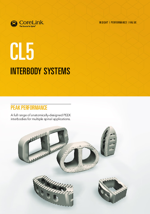 The CL5 Lateral Lumbar interbody Spacer by CoreLink (Zavation) is a PEEK material with tantalum markers featuring a trapezoidal body and multiple size offerings
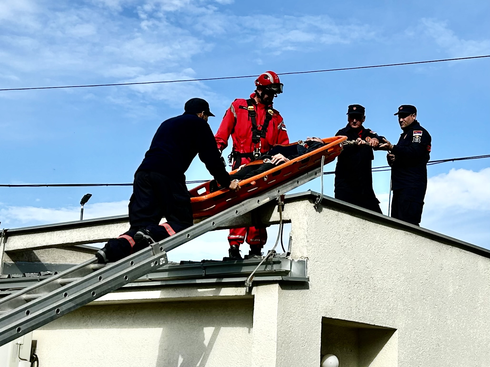 Danas su spasilački timovi prikazali evakuaciju povređenih iz ruševina alpinističkim metodama klizača i šarke.
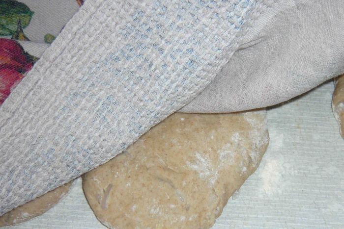 Оставить на присыпанной мукой поверхности на 30 минут под полотенцем.
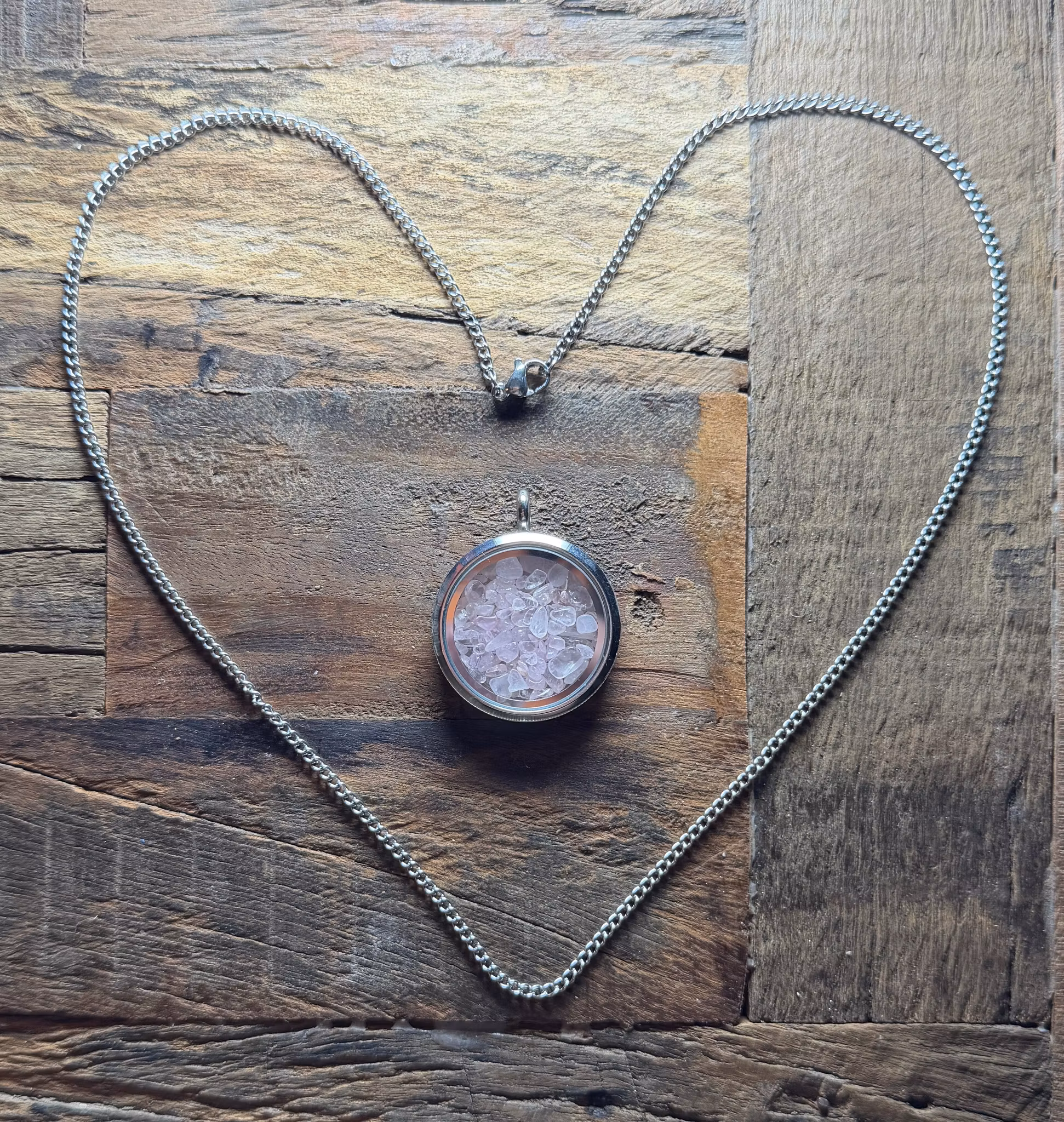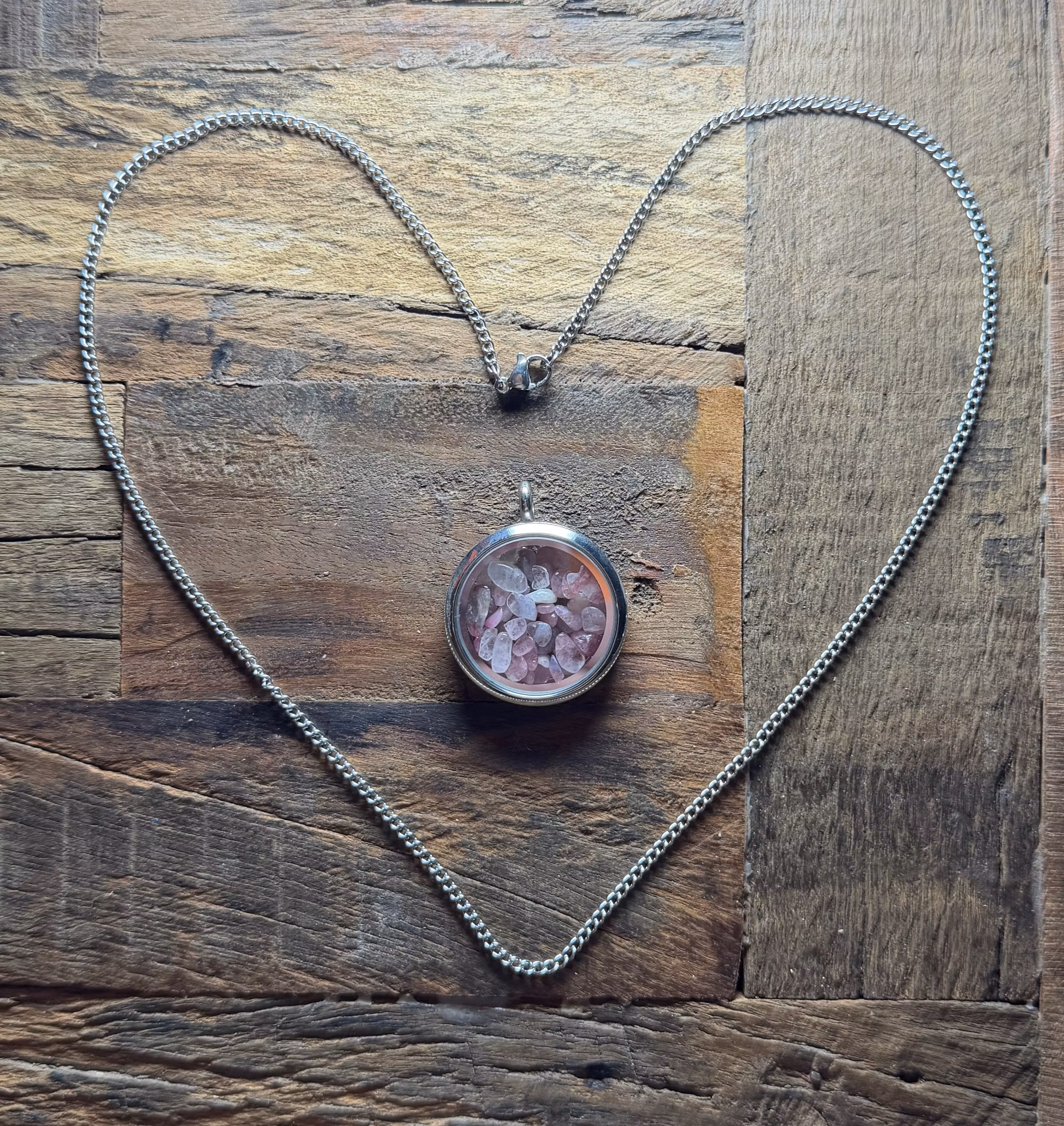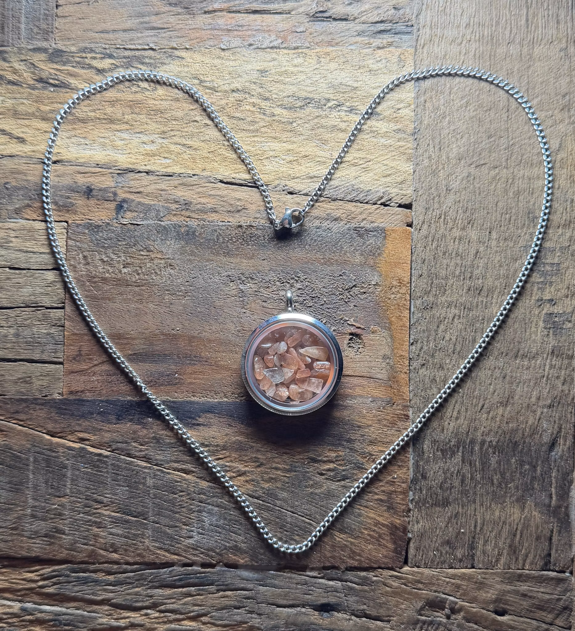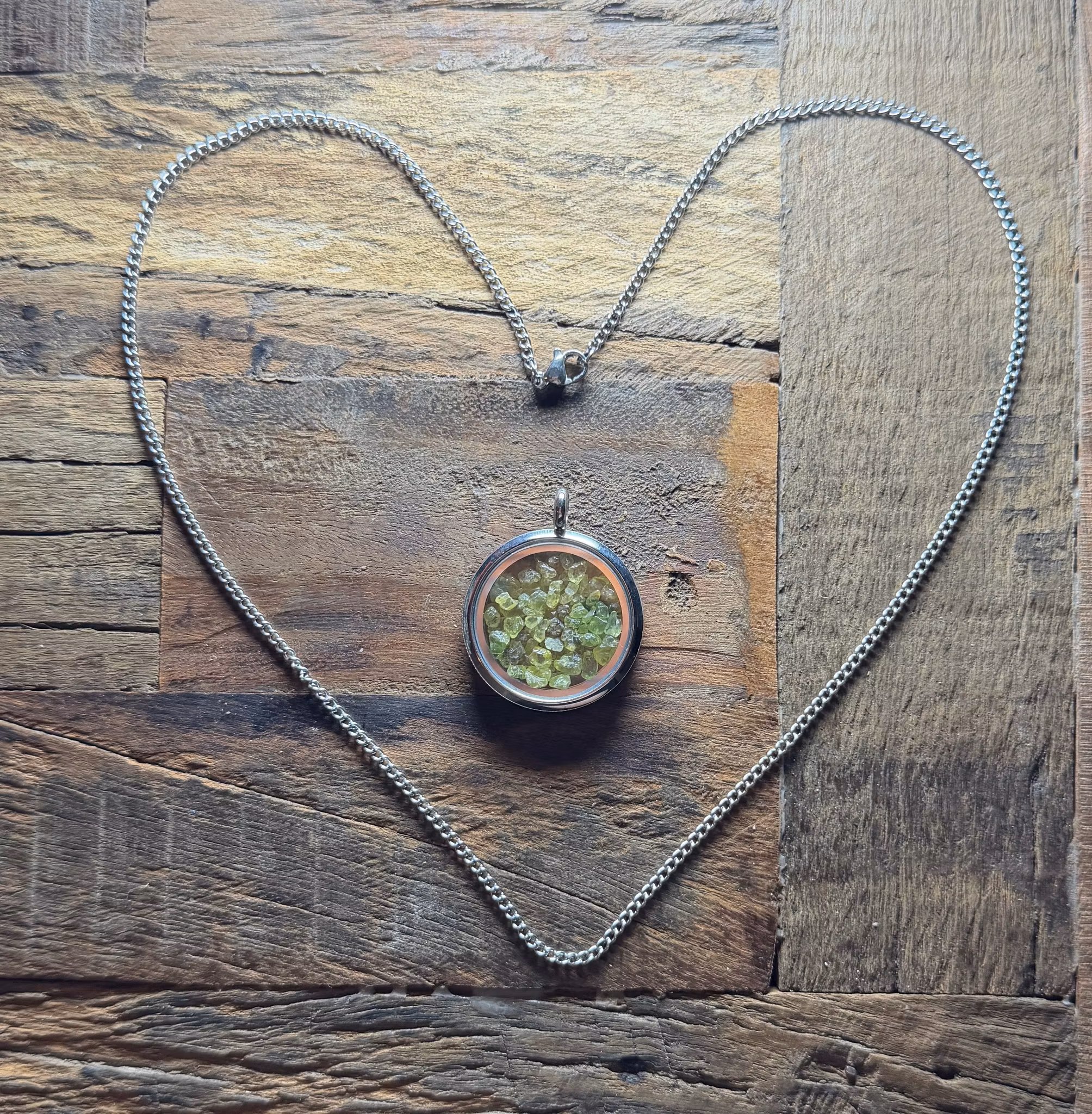 Öppningsbar Minnesberlock med tillhörande kedja i rostfritt stål.
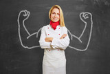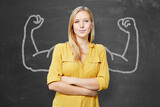 Zufriedene Studentin steht vor Tafel mit Muskel Armen als Konzept

> _What you should do_
With the pictures removed, write out exactly the lines from the line containing "Danas su spasilački" through the last line of the material above, both included.

> _Task output_
 Danas su spasilački timovi prikazali evakuaciju povređenih iz ruševina alpinističkim metodama klizača i šarke.
 Оставить на присыпанной мукой поверхности на 30 минут под полотенцем.
 Öppningsbar Minnesberlock med tillhörande kedja i rostfritt stål.
 Zufriedene Studentin steht vor Tafel mit Muskel Armen als Konzept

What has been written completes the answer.